- Chickasaw Campaign of 1739: Part of the Chickasaw Wars
| Date | July 24, 1739 – March 31, 1740 |
| Location | East Arkansas, West Tennessee and Northeast Mississippi |
| Result | Strategic Chickasaw victory; Negotiated peace; |

Belligerents
- Chickasaw: France

Commanders and leaders
- Unknown: Sieur de Bienville

Strength
- Perhaps 500 men well fortified: 1,200 French regulars and militia, 2,400 Indian warriors, few of whom were engaged

Casualties and losses
- Negligible: At least 500 due to sickness

= Chickasaw Campaign of 1739 =

The Chickasaw Campaign of 1739 (July 24, 1739 – March 31, 1740), also known as the Second Chickasaw War, was a continuation of the Chickasaw Wars pursued by the French in Louisiana. In 1739 the French prepared extensively but failed to engage the Chickasaw beyond some half-hearted skirmishing, and finally accepted a negotiated peace.

After the 1736 disasters of Ogoula Tchetoka and Ackia, Upper and Lower Louisiana were still separated by the obstinate Chickasaw. The Choctaw applied relentless pressure by ambushing hunting parties and traffic on the trading path to South Carolina. Alternately, the Choctaw devastated croplands and livestock after using superior numbers to force the Chickasaw into their forts.

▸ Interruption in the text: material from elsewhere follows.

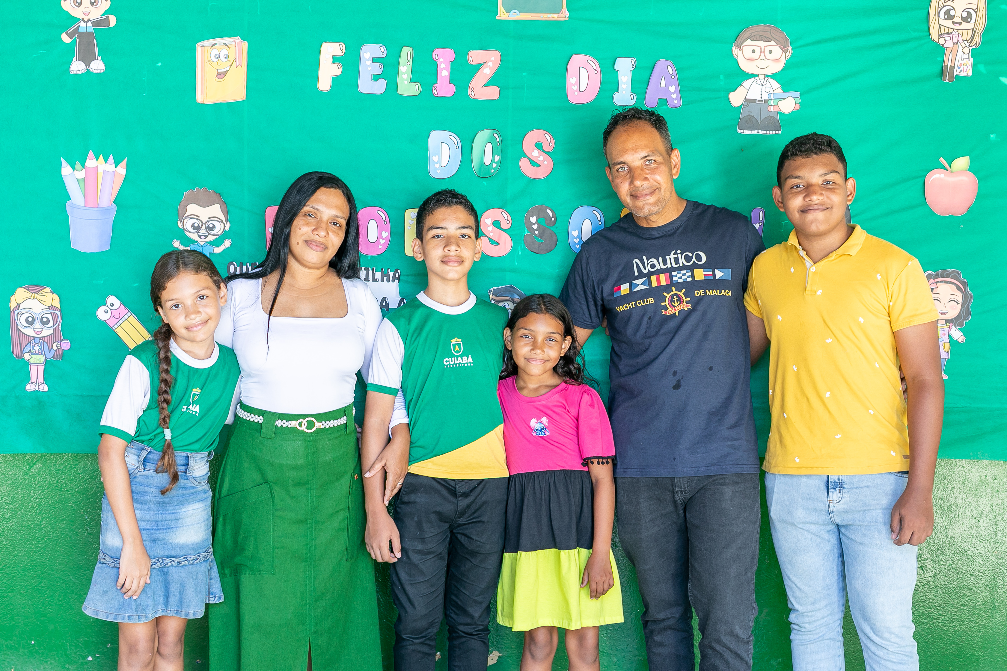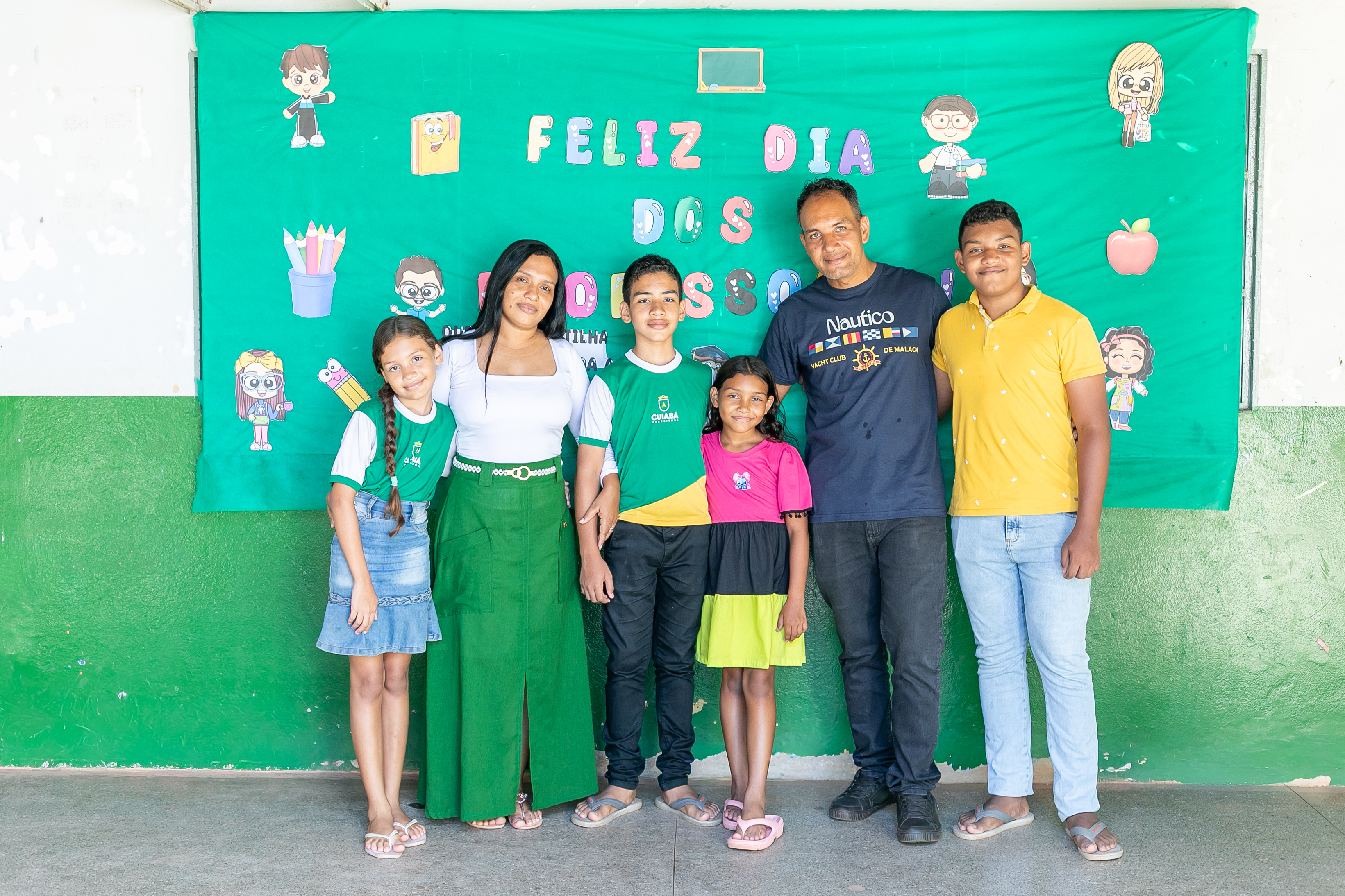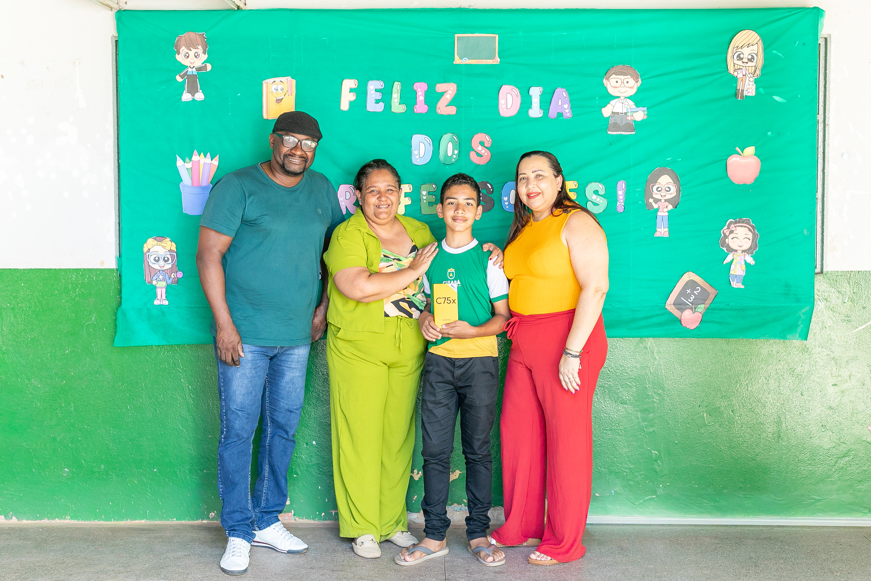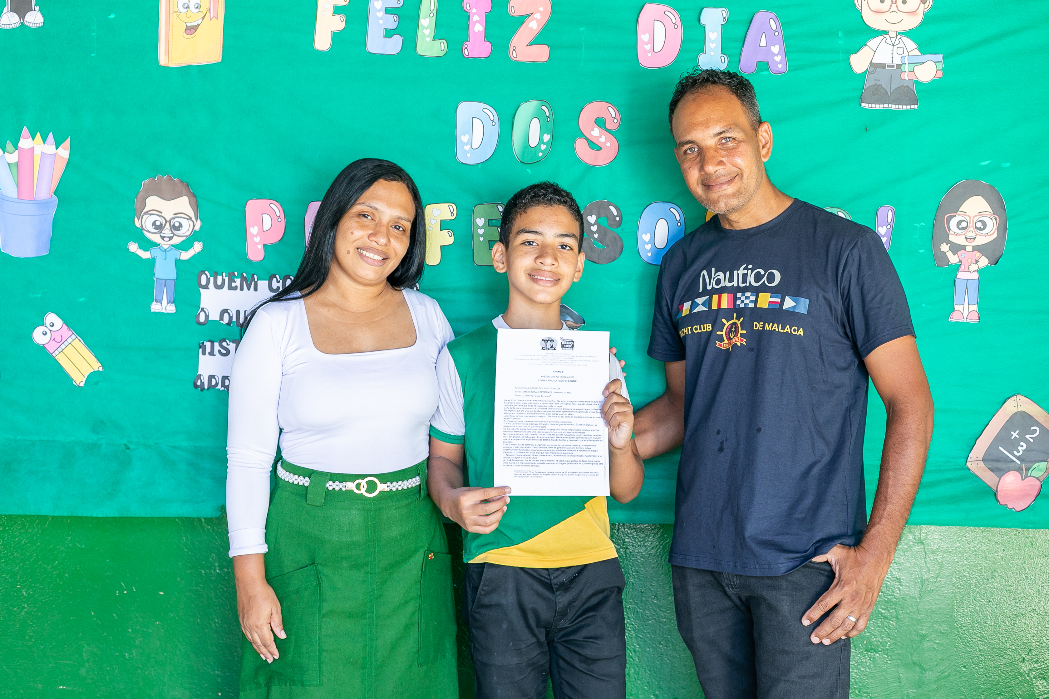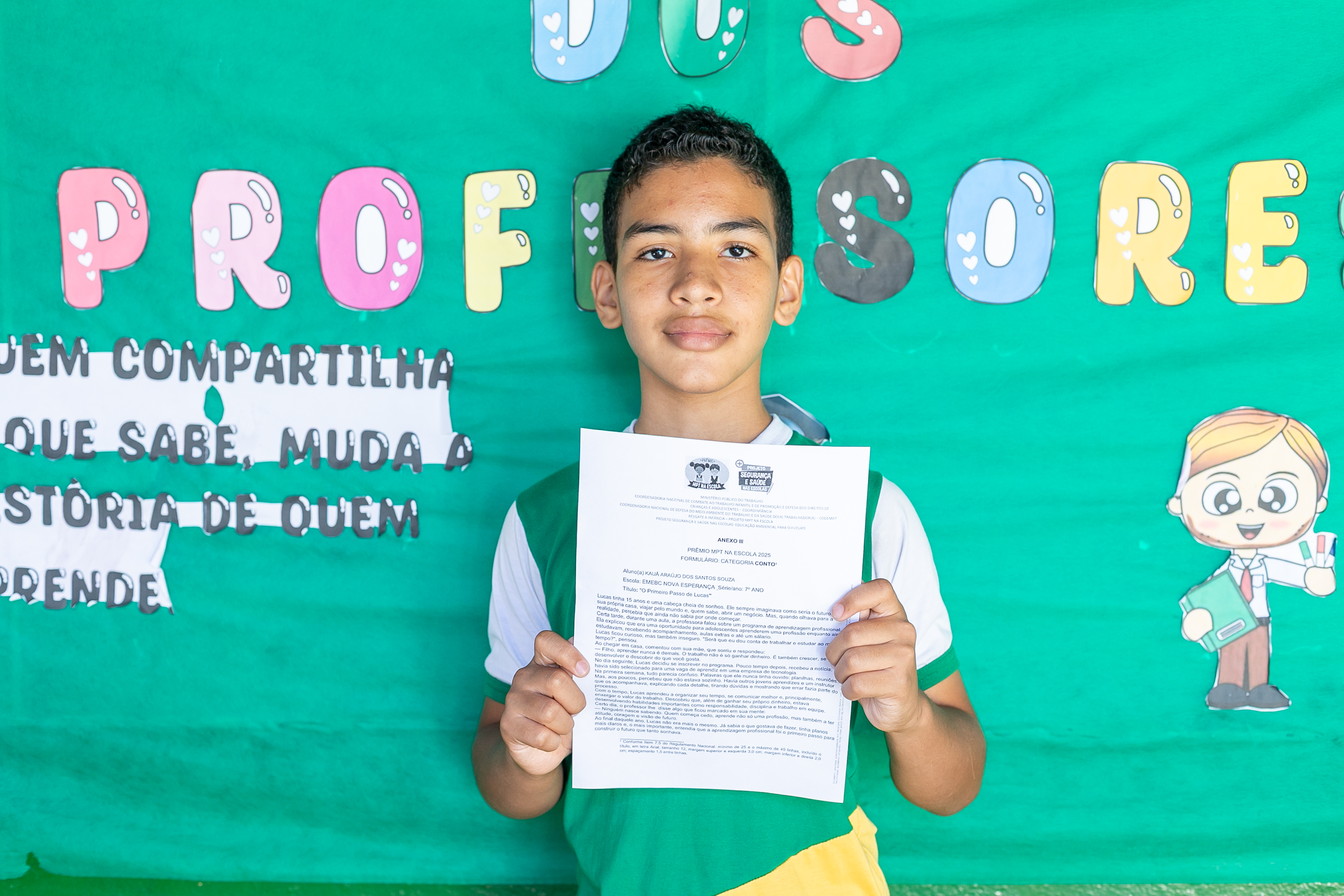 A foto ilustra um garoto de 13 anos, de cor parda, usando uniforme oficial da Prefeitura de Cuiabá, exibindo nas mãos o trecho do conto literário que o levou a ser reconhecido pelo Ministério Público do Trabalho. Ao fundo, há um quadro verde com a mensagem Feliz Dia dos Professores, reforçando o ambiente escolar.

Under orders, Bienville immediately began to prepare a second grand expedition. Determined to remedy the lack of siege weapons and of coordination that had ruined his first, he obtained artillery, engineers and miners, and more soldiers. He planned for horses, meat on the hoof, forts for staging of men and supplies, and roads to carry the army and its accouterments.

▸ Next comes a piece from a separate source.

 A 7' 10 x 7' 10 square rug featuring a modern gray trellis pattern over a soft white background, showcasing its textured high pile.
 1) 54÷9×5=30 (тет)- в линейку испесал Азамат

Bienville selected a route up the Mississippi River this time, after receiving assurance from an engineering survey that artillery could be transported overland from there to the Chickasaw villages. A supply depot was built on the western bank of the Mississippi River at the mouth of the St. Francis River. Fort de l'Assumption was built across the Mississippi on the fourth Chickasaw Bluff, at the Margot (present day Wolf) River, to receive men from throughout New France.

Three detachments reached the rendezvous in August 1739: Bienville's nephew Noyan with a vanguard from New Orleans, La Buissionnière from Fort de Chartres with militia and two hundred Illinois, and Céloron with a 'considerable number of Northern Indians' and a company of cadets from Canada. As in 1736 the southern force was slow. Bienville finally arrived in November and reviewed the force which numbered 1200 Europeans and 2400 Indians, roughly twice the men available in 1736.

But the army had already suffered greatly from sickness. To this was added short rations, discontent and desertion during the 'imbecility' of the coming months. 120 miles remained to reach the Chickasaw villages, an easy march for men with rifles, but a different matter for a siege train. As soldiers built carts and wagons, Bienville ruled that the route laid out by the engineer was too low, and that rains had made it impassable. By January 1740 a highland route was blazed, but in the meantime high water interrupted the supply of provisions and the position at Fort de l'Assumption was becoming untenable. Even then the army remained, until in February a council of war decided that they could not march 'without hazarding the reputation of the king's arms'.

Finally, in March, Céloron struck out with his corps of cadets, one hundred regulars, and four or five hundred Indians. Traveling light and following much the same route as d'Artaguette in 1736, this force quickly reached the villages. Céloron allowed his Indians to
do what they would, and meanwhile remained open to any offers of peace. After several days of useless skirmishing, negotiations were opened. Suffering under steady Choctaw pressure, and impressed by the massive preparations at Fort de l'Assumption, the Chickasaws had long been giving hints that they would be reasonable. The French demanded that all remaining Natchez be bound over. The Chickasaw replied that most of the Natchez were hunting or had left their lands permanently, but with delivery of several Natchez and French prisoners, peace was confirmed.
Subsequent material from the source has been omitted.